▸ **About this exercise**
Leave the pictures out. Return all other data exactly.

■ ■ ■

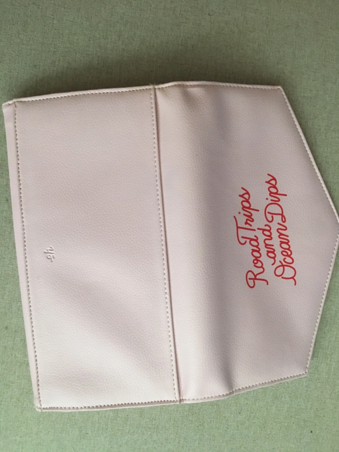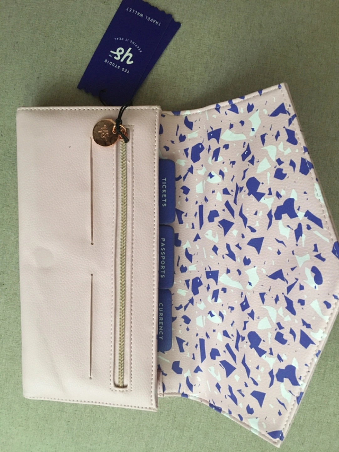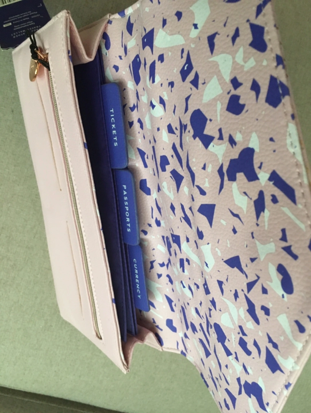Travel wallet, pink with blue and white interior, has multiple sections for tickets, passports, and currency. Includes zippered compartment
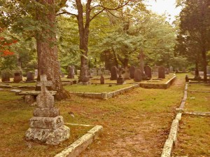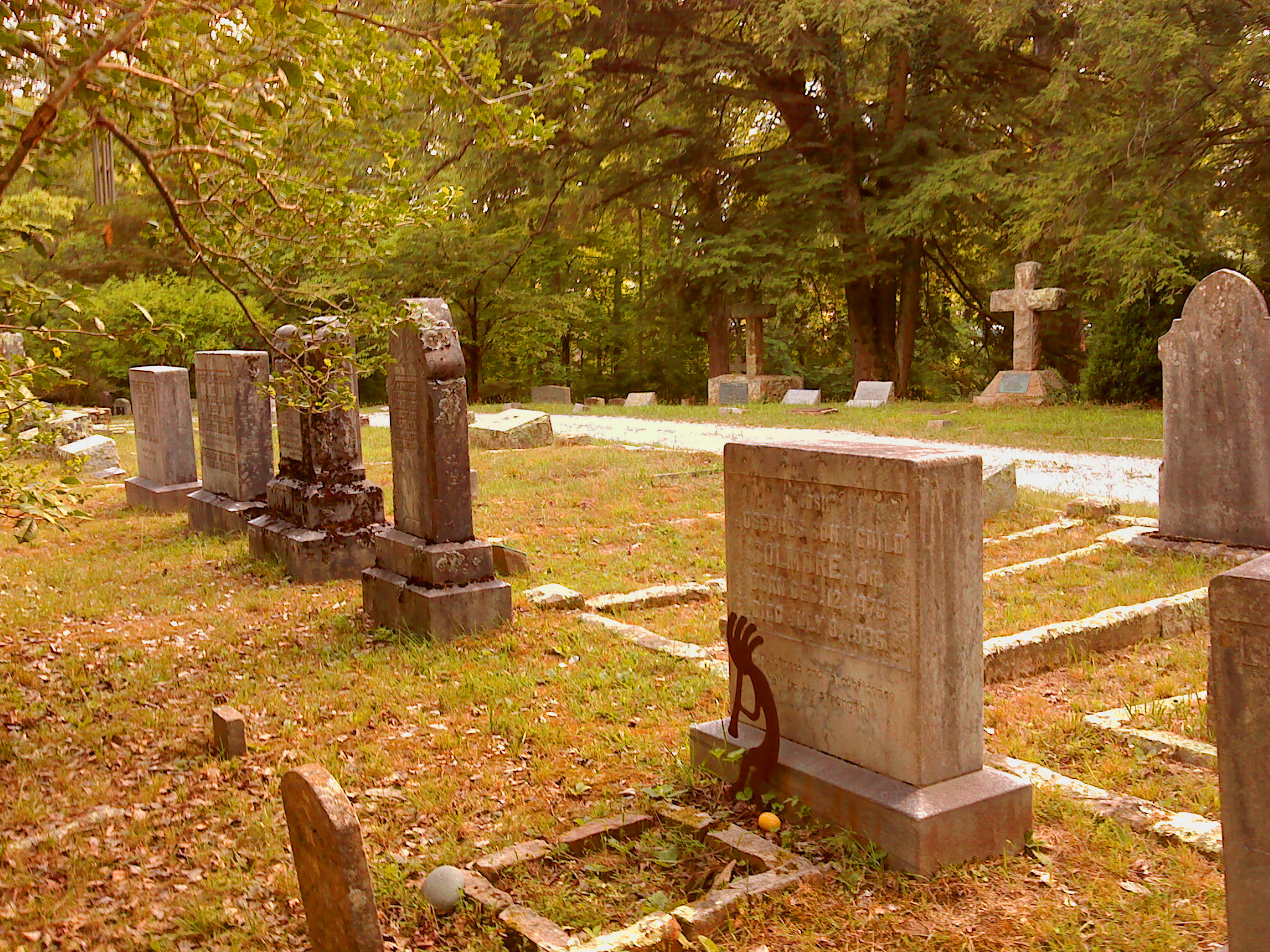 The time I spent here mostly involved taking late night (or often midnight) walking tours of the area. Among all those graves and under a very starry sky, it was pretty amazing. If you’re wondering whether or not I encountered “anyone,” though, I have to say the answer is no. I did bring offerings of food and whiskey several times, leaving them near the small side gate rather than any specific grave (since I wasn’t trying to contact anyone in particular, that made sense to me). Wildlife abounds near this cemetery, so I often heard things wandering out in the dark just beyond the light’s cast. I even occasionally met other folks taking late night constitutionals among the headstones.
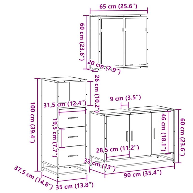 Комплект мебели за баня от 3 части сив сонома инженерно дърво
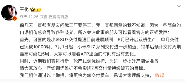 小米汽车工厂“停工”?官方回应:系产线调优维护 ,不会影响7月交付目标
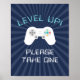 Convide os hóspedes a agarrarem um favor ou um saco porreiro na festa de aniversário temática do jogo de vídeo do seu filho com esta placa retrorreflectora legal que inclui uma controladora de jogos de vídeo num fundo azul de marinho com letra digital vintage. "Alcance! Por favor, pegue um" aparece em aqua e letras brancas.

■ ■ ■

▸ **Your solution**
Travel wallet, pink with blue and white interior, has multiple sections for tickets, passports, and currency. Includes zippered compartment
 The time I spent here mostly involved taking late night (or often midnight) walking tours of the area. Among all those graves and under a very starry sky, it was pretty amazing. If you’re wondering whether or not I encountered “anyone,” though, I have to say the answer is no. I did bring offerings of food and whiskey several times, leaving them near the small side gate rather than any specific grave (since I wasn’t trying to contact anyone in particular, that made sense to me). Wildlife abounds near this cemetery, so I often heard things wandering out in the dark just beyond the light’s cast. I even occasionally met other folks taking late night constitutionals among the headstones.
 Комплект мебели за баня от 3 части сив сонома инженерно дърво
 小米汽车工厂“停工”?官方回应:系产线调优维护 ,不会影响7月交付目标
 Convide os hóspedes a agarrarem um favor ou um saco porreiro na festa de aniversário temática do jogo de vídeo do seu filho com esta placa retrorreflectora legal que inclui uma controladora de jogos de vídeo num fundo azul de marinho com letra digital vintage. "Alcance! Por favor, pegue um" aparece em aqua e letras brancas.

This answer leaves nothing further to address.